**THE PROBLEM:**
When you copy the material below, keep every line exact and leave each picture out.

**DATA:**
= = =
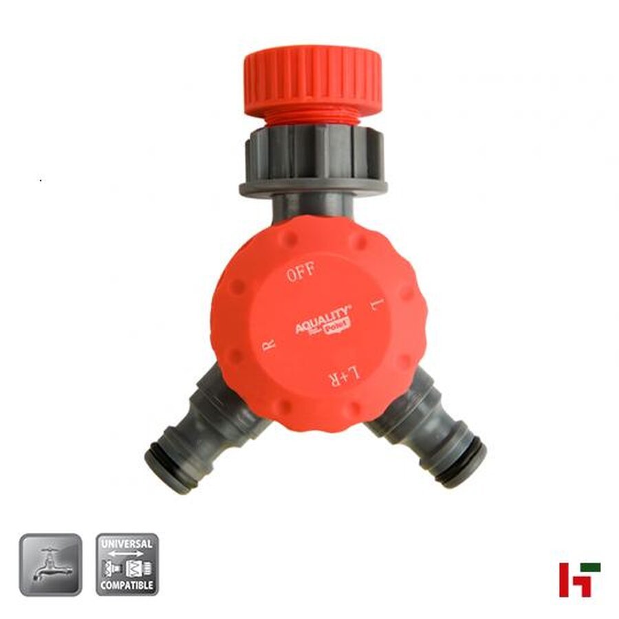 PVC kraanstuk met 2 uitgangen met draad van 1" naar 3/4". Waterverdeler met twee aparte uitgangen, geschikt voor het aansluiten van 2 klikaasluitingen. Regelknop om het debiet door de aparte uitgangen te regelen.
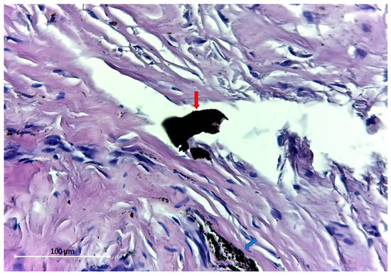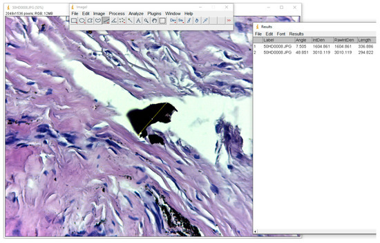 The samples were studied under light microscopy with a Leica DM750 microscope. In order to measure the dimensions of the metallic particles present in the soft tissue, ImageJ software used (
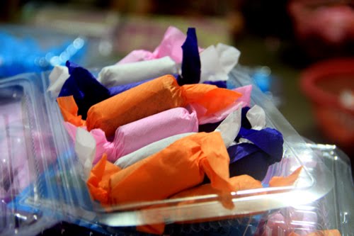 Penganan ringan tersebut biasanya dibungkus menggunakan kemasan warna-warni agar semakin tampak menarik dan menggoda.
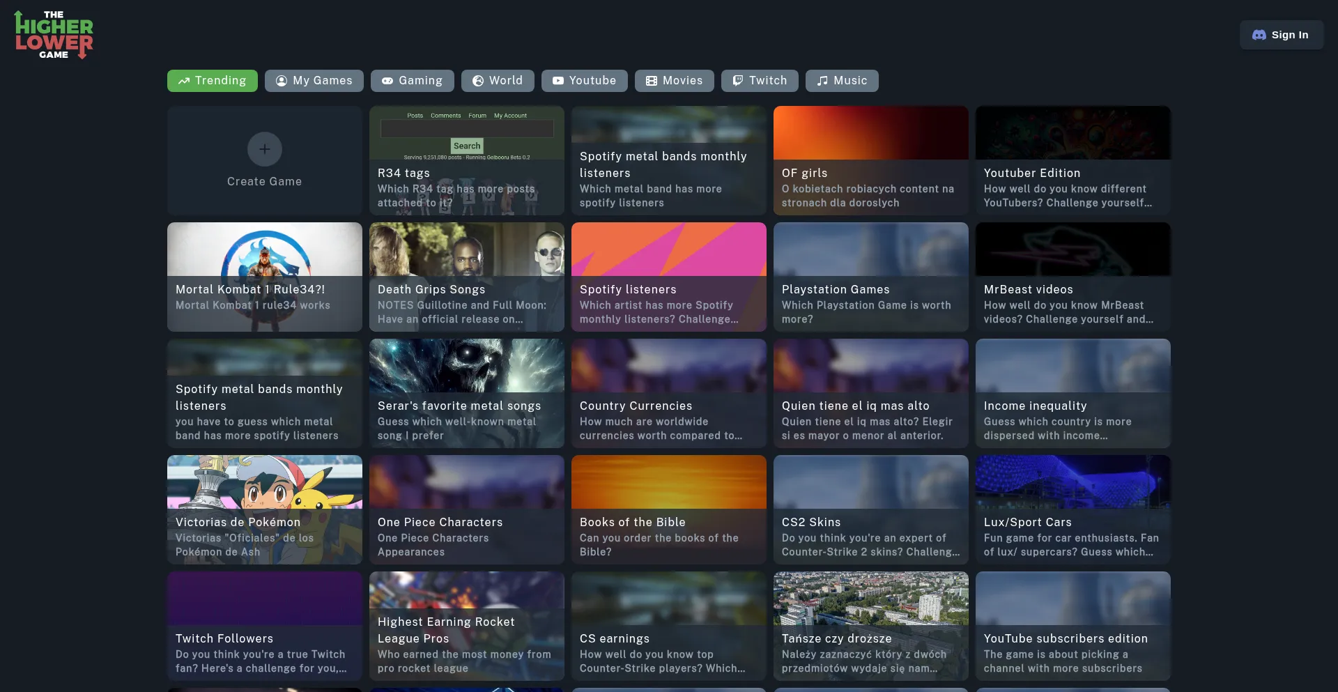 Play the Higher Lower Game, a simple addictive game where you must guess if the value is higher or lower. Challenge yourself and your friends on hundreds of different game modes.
= = =
**YOUR RESPONSE:**
 PVC kraanstuk met 2 uitgangen met draad van 1" naar 3/4". Waterverdeler met twee aparte uitgangen, geschikt voor het aansluiten van 2 klikaasluitingen. Regelknop om het debiet door de aparte uitgangen te regelen.
 The samples were studied under light microscopy with a Leica DM750 microscope. In order to measure the dimensions of the metallic particles present in the soft tissue, ImageJ software used (
 Penganan ringan tersebut biasanya dibungkus menggunakan kemasan warna-warni agar semakin tampak menarik dan menggoda.
 Play the Higher Lower Game, a simple addictive game where you must guess if the value is higher or lower. Challenge yourself and your friends on hundreds of different game modes.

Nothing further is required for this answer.